Transcribe the records below. Leave every line exactly as written.

DATA FOR THIS TASK section start

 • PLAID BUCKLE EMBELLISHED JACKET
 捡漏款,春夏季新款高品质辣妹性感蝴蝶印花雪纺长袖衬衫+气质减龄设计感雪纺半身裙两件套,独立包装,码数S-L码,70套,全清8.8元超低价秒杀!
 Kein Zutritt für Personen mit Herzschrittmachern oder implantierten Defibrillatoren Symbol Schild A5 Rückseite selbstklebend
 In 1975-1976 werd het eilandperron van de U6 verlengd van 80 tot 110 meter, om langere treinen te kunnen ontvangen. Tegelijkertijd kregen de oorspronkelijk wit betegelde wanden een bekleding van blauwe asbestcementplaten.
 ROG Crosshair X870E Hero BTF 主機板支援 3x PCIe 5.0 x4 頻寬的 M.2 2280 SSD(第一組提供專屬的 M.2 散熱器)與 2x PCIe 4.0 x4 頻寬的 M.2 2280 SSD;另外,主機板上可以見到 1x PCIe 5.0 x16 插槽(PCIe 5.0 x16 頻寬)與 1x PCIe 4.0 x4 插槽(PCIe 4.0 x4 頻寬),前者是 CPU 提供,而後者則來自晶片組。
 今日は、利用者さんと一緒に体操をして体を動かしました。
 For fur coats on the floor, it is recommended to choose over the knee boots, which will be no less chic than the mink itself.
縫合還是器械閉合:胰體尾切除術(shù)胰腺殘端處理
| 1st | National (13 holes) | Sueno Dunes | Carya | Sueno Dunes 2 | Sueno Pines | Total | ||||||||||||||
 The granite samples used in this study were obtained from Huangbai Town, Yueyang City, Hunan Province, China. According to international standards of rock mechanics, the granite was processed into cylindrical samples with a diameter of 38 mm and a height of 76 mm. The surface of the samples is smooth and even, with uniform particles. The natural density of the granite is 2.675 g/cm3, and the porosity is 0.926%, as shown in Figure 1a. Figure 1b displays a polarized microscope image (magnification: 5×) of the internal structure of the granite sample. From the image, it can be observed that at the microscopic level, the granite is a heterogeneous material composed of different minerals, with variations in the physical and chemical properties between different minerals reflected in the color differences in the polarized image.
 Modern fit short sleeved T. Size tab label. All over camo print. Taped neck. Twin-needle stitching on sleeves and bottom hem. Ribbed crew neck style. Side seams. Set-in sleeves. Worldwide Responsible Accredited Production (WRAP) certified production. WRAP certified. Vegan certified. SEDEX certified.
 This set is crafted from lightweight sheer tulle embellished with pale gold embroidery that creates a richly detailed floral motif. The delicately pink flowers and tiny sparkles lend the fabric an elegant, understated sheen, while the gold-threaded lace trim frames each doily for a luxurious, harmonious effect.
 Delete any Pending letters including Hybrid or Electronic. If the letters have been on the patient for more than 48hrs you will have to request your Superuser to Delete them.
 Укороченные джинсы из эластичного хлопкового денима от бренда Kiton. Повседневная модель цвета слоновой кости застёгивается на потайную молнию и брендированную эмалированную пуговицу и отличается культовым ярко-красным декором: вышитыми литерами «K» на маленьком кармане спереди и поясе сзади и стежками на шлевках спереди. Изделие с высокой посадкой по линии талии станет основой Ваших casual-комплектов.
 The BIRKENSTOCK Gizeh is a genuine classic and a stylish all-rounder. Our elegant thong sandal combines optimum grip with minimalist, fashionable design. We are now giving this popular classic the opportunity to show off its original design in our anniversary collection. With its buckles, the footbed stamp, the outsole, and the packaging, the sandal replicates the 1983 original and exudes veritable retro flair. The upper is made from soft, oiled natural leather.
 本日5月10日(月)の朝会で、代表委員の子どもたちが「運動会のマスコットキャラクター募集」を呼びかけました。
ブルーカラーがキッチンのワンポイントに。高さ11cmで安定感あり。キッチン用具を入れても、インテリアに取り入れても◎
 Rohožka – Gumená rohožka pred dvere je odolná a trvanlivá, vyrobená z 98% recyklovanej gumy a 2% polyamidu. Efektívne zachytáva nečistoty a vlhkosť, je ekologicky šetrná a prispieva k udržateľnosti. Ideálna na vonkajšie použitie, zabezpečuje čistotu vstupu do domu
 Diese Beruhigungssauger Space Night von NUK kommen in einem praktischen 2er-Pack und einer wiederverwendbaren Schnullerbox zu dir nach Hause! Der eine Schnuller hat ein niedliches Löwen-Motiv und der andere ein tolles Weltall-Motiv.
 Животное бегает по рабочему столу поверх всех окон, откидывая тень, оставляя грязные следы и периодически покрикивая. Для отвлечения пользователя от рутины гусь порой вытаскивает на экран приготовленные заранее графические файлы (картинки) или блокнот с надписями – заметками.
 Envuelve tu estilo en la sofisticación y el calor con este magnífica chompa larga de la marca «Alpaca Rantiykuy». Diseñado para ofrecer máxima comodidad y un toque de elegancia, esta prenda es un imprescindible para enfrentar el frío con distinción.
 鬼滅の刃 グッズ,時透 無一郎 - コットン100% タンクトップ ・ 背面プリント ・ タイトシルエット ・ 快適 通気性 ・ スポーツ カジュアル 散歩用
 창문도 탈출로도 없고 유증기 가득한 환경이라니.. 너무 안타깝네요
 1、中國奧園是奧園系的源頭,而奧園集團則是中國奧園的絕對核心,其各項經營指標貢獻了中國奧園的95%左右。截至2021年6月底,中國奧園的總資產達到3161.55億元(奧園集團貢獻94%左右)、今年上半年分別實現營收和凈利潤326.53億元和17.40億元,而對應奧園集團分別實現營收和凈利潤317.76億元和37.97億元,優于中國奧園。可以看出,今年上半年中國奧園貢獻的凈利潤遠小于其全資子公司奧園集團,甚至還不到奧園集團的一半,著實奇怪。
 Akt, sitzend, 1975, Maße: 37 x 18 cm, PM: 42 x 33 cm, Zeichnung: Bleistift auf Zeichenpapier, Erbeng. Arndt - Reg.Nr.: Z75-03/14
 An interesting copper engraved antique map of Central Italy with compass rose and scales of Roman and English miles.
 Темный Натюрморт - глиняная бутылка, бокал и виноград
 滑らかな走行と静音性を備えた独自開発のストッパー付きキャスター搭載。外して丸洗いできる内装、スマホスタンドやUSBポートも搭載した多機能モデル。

DATA FOR THIS TASK section end

## THE COMPLETED TASK
 • PLAID BUCKLE EMBELLISHED JACKET
 捡漏款,春夏季新款高品质辣妹性感蝴蝶印花雪纺长袖衬衫+气质减龄设计感雪纺半身裙两件套,独立包装,码数S-L码,70套,全清8.8元超低价秒杀!
 Kein Zutritt für Personen mit Herzschrittmachern oder implantierten Defibrillatoren Symbol Schild A5 Rückseite selbstklebend
 In 1975-1976 werd het eilandperron van de U6 verlengd van 80 tot 110 meter, om langere treinen te kunnen ontvangen. Tegelijkertijd kregen de oorspronkelijk wit betegelde wanden een bekleding van blauwe asbestcementplaten.
 ROG Crosshair X870E Hero BTF 主機板支援 3x PCIe 5.0 x4 頻寬的 M.2 2280 SSD(第一組提供專屬的 M.2 散熱器)與 2x PCIe 4.0 x4 頻寬的 M.2 2280 SSD;另外,主機板上可以見到 1x PCIe 5.0 x16 插槽(PCIe 5.0 x16 頻寬)與 1x PCIe 4.0 x4 插槽(PCIe 4.0 x4 頻寬),前者是 CPU 提供,而後者則來自晶片組。
 今日は、利用者さんと一緒に体操をして体を動かしました。
 For fur coats on the floor, it is recommended to choose over the knee boots, which will be no less chic than the mink itself.
縫合還是器械閉合:胰體尾切除術(shù)胰腺殘端處理
| 1st | National (13 holes) | Sueno Dunes | Carya | Sueno Dunes 2 | Sueno Pines | Total | ||||||||||||||
 The granite samples used in this study were obtained from Huangbai Town, Yueyang City, Hunan Province, China. According to international standards of rock mechanics, the granite was processed into cylindrical samples with a diameter of 38 mm and a height of 76 mm. The surface of the samples is smooth and even, with uniform particles. The natural density of the granite is 2.675 g/cm3, and the porosity is 0.926%, as shown in Figure 1a. Figure 1b displays a polarized microscope image (magnification: 5×) of the internal structure of the granite sample. From the image, it can be observed that at the microscopic level, the granite is a heterogeneous material composed of different minerals, with variations in the physical and chemical properties between different minerals reflected in the color differences in the polarized image.
 Modern fit short sleeved T. Size tab label. All over camo print. Taped neck. Twin-needle stitching on sleeves and bottom hem. Ribbed crew neck style. Side seams. Set-in sleeves. Worldwide Responsible Accredited Production (WRAP) certified production. WRAP certified. Vegan certified. SEDEX certified.
 This set is crafted from lightweight sheer tulle embellished with pale gold embroidery that creates a richly detailed floral motif. The delicately pink flowers and tiny sparkles lend the fabric an elegant, understated sheen, while the gold-threaded lace trim frames each doily for a luxurious, harmonious effect.
 Delete any Pending letters including Hybrid or Electronic. If the letters have been on the patient for more than 48hrs you will have to request your Superuser to Delete them.
 Укороченные джинсы из эластичного хлопкового денима от бренда Kiton. Повседневная модель цвета слоновой кости застёгивается на потайную молнию и брендированную эмалированную пуговицу и отличается культовым ярко-красным декором: вышитыми литерами «K» на маленьком кармане спереди и поясе сзади и стежками на шлевках спереди. Изделие с высокой посадкой по линии талии станет основой Ваших casual-комплектов.
 The BIRKENSTOCK Gizeh is a genuine classic and a stylish all-rounder. Our elegant thong sandal combines optimum grip with minimalist, fashionable design. We are now giving this popular classic the opportunity to show off its original design in our anniversary collection. With its buckles, the footbed stamp, the outsole, and the packaging, the sandal replicates the 1983 original and exudes veritable retro flair. The upper is made from soft, oiled natural leather.
 本日5月10日(月)の朝会で、代表委員の子どもたちが「運動会のマスコットキャラクター募集」を呼びかけました。
ブルーカラーがキッチンのワンポイントに。高さ11cmで安定感あり。キッチン用具を入れても、インテリアに取り入れても◎
 Rohožka – Gumená rohožka pred dvere je odolná a trvanlivá, vyrobená z 98% recyklovanej gumy a 2% polyamidu. Efektívne zachytáva nečistoty a vlhkosť, je ekologicky šetrná a prispieva k udržateľnosti. Ideálna na vonkajšie použitie, zabezpečuje čistotu vstupu do domu
 Diese Beruhigungssauger Space Night von NUK kommen in einem praktischen 2er-Pack und einer wiederverwendbaren Schnullerbox zu dir nach Hause! Der eine Schnuller hat ein niedliches Löwen-Motiv und der andere ein tolles Weltall-Motiv.
 Животное бегает по рабочему столу поверх всех окон, откидывая тень, оставляя грязные следы и периодически покрикивая. Для отвлечения пользователя от рутины гусь порой вытаскивает на экран приготовленные заранее графические файлы (картинки) или блокнот с надписями – заметками.
 Envuelve tu estilo en la sofisticación y el calor con este magnífica chompa larga de la marca «Alpaca Rantiykuy». Diseñado para ofrecer máxima comodidad y un toque de elegancia, esta prenda es un imprescindible para enfrentar el frío con distinción.
 鬼滅の刃 グッズ,時透 無一郎 - コットン100% タンクトップ ・ 背面プリント ・ タイトシルエット ・ 快適 通気性 ・ スポーツ カジュアル 散歩用
 창문도 탈출로도 없고 유증기 가득한 환경이라니.. 너무 안타깝네요
 1、中國奧園是奧園系的源頭,而奧園集團則是中國奧園的絕對核心,其各項經營指標貢獻了中國奧園的95%左右。截至2021年6月底,中國奧園的總資產達到3161.55億元(奧園集團貢獻94%左右)、今年上半年分別實現營收和凈利潤326.53億元和17.40億元,而對應奧園集團分別實現營收和凈利潤317.76億元和37.97億元,優于中國奧園。可以看出,今年上半年中國奧園貢獻的凈利潤遠小于其全資子公司奧園集團,甚至還不到奧園集團的一半,著實奇怪。
 Akt, sitzend, 1975, Maße: 37 x 18 cm, PM: 42 x 33 cm, Zeichnung: Bleistift auf Zeichenpapier, Erbeng. Arndt - Reg.Nr.: Z75-03/14
 An interesting copper engraved antique map of Central Italy with compass rose and scales of Roman and English miles.
 Темный Натюрморт - глиняная бутылка, бокал и виноград
 滑らかな走行と静音性を備えた独自開発のストッパー付きキャスター搭載。外して丸洗いできる内装、スマホスタンドやUSBポートも搭載した多機能モデル。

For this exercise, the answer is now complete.